| Data for this task |
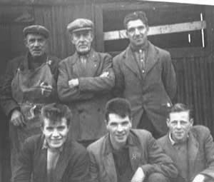 Six workers at Sam McGredy Royal Nursery packing department. Back row L to R: ? Toye of Maghery - John Conway of Derrytrasna - Harry Judge of Curran Street. Front row: Harry Creaney of Curran Street - Morris Hyde of Obins Street - Chris Harrison of John Street.
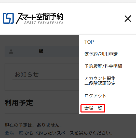 画面右上のを押し、最下部の「会場一覧」を押してください。
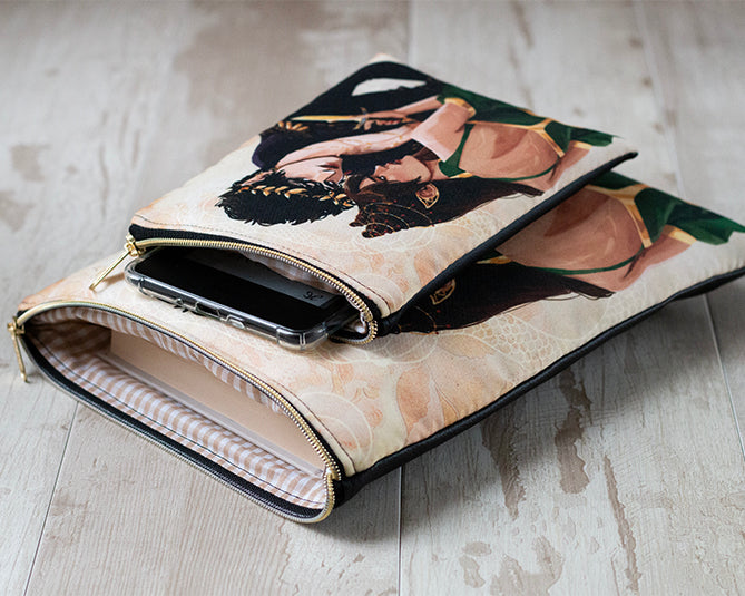 Funda literaria con cierre de cremallera, por un lado con una ilustración exclusiva y por el otro con polipiel negra, relleno acolchado en la cara delantera y forro interior con estampado vichi.
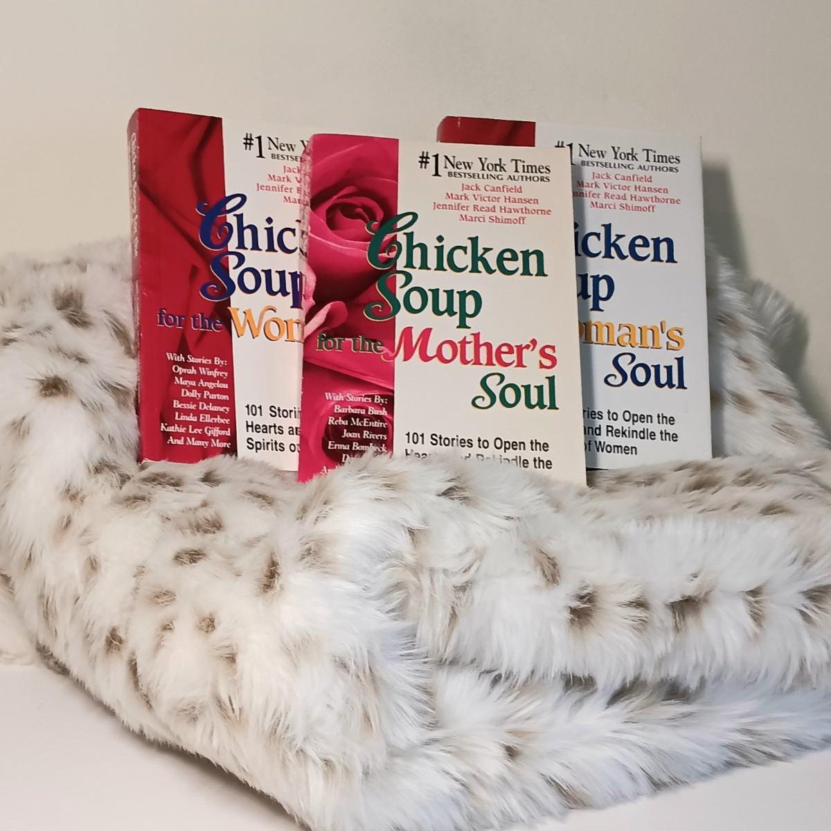 LOT 14U: Jennifer Lopez Snow Leopard Print Throw w/ Chicken Soup for the Soul Books
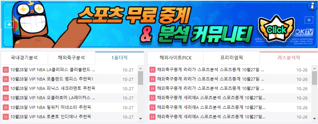 메인 중앙의 분석글들이 상당하다. 스포츠 분석커뮤니티를 통해서 분석글들이 올라와져있는데 거의 방구석 전문가 수준이다.
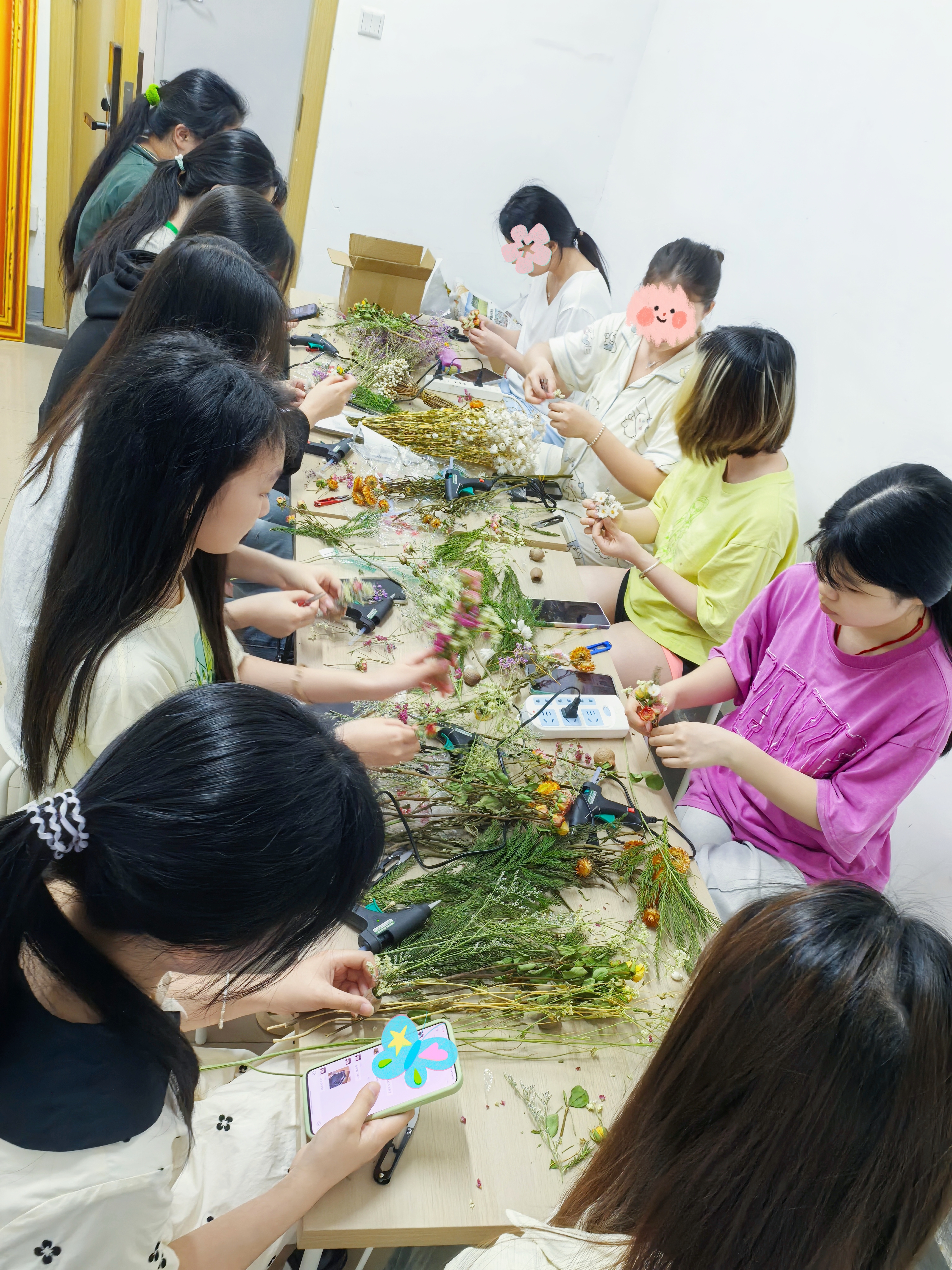 活动现场,五颜六色的干花被精心摆放,仿佛是大自然的调色盘,散发着淡淡的自然香气,沁人心脾。圆润可爱的咕嘟果也排列有序,它们形态各异,有的像小巧的灯笼,有的似精致的铃铛,让人眼前一亮。这些充满生机的材料刚一亮相,就迅速吸引了大批同学。大家迫不及待地围到工作台旁,眼神中满是好奇与兴奋,仿佛已经迫不及待想要开启这场手工创作之旅。
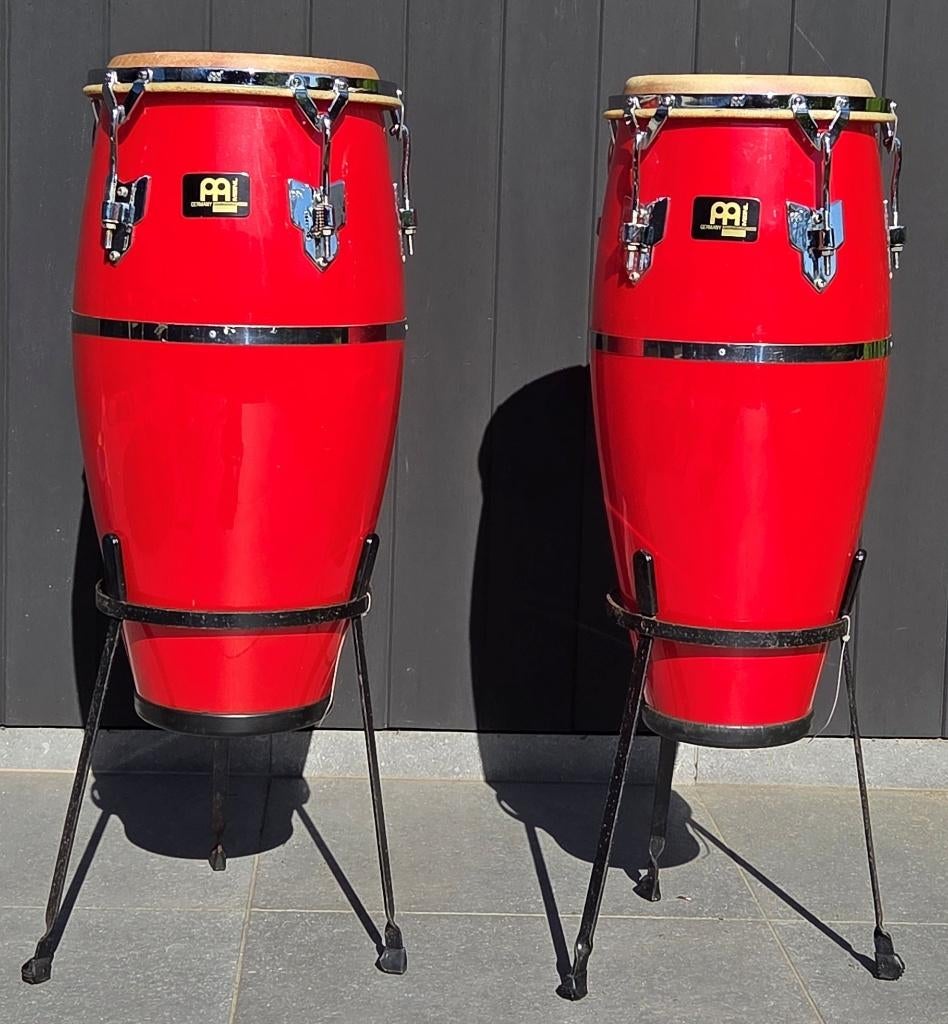 - 2 Conga's Meinl - Glasvezel - Rood - met voet.In goede staat. Gebruikssporen. Diameters membraan : 24 & 27 cm. Mag weg omdat er niet meer wordt op gespeeld.Gebruikt Ophalen
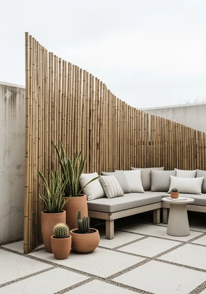 Here, bamboo panels are set within structured frames, forming a sleek and modern privacy wall. The bamboo is neatly aligned and evenly spaced, giving the design a polished yet still organic look. In front, plush outdoor sofas in soft beige tones create a comfortable lounge zone. Late afternoon light highlights the vertical texture and adds depth to the entire setting.

| Exercise brief |
With the pictures omitted, the material is to be transcribed exactly.

| Solution to this problem |
 Six workers at Sam McGredy Royal Nursery packing department. Back row L to R: ? Toye of Maghery - John Conway of Derrytrasna - Harry Judge of Curran Street. Front row: Harry Creaney of Curran Street - Morris Hyde of Obins Street - Chris Harrison of John Street.
 画面右上のを押し、最下部の「会場一覧」を押してください。
 Funda literaria con cierre de cremallera, por un lado con una ilustración exclusiva y por el otro con polipiel negra, relleno acolchado en la cara delantera y forro interior con estampado vichi.
 LOT 14U: Jennifer Lopez Snow Leopard Print Throw w/ Chicken Soup for the Soul Books
 메인 중앙의 분석글들이 상당하다. 스포츠 분석커뮤니티를 통해서 분석글들이 올라와져있는데 거의 방구석 전문가 수준이다.
 活动现场,五颜六色的干花被精心摆放,仿佛是大自然的调色盘,散发着淡淡的自然香气,沁人心脾。圆润可爱的咕嘟果也排列有序,它们形态各异,有的像小巧的灯笼,有的似精致的铃铛,让人眼前一亮。这些充满生机的材料刚一亮相,就迅速吸引了大批同学。大家迫不及待地围到工作台旁,眼神中满是好奇与兴奋,仿佛已经迫不及待想要开启这场手工创作之旅。
 - 2 Conga's Meinl - Glasvezel - Rood - met voet.In goede staat. Gebruikssporen. Diameters membraan : 24 & 27 cm. Mag weg omdat er niet meer wordt op gespeeld.Gebruikt Ophalen
 Here, bamboo panels are set within structured frames, forming a sleek and modern privacy wall. The bamboo is neatly aligned and evenly spaced, giving the design a polished yet still organic look. In front, plush outdoor sofas in soft beige tones create a comfortable lounge zone. Late afternoon light highlights the vertical texture and adds depth to the entire setting.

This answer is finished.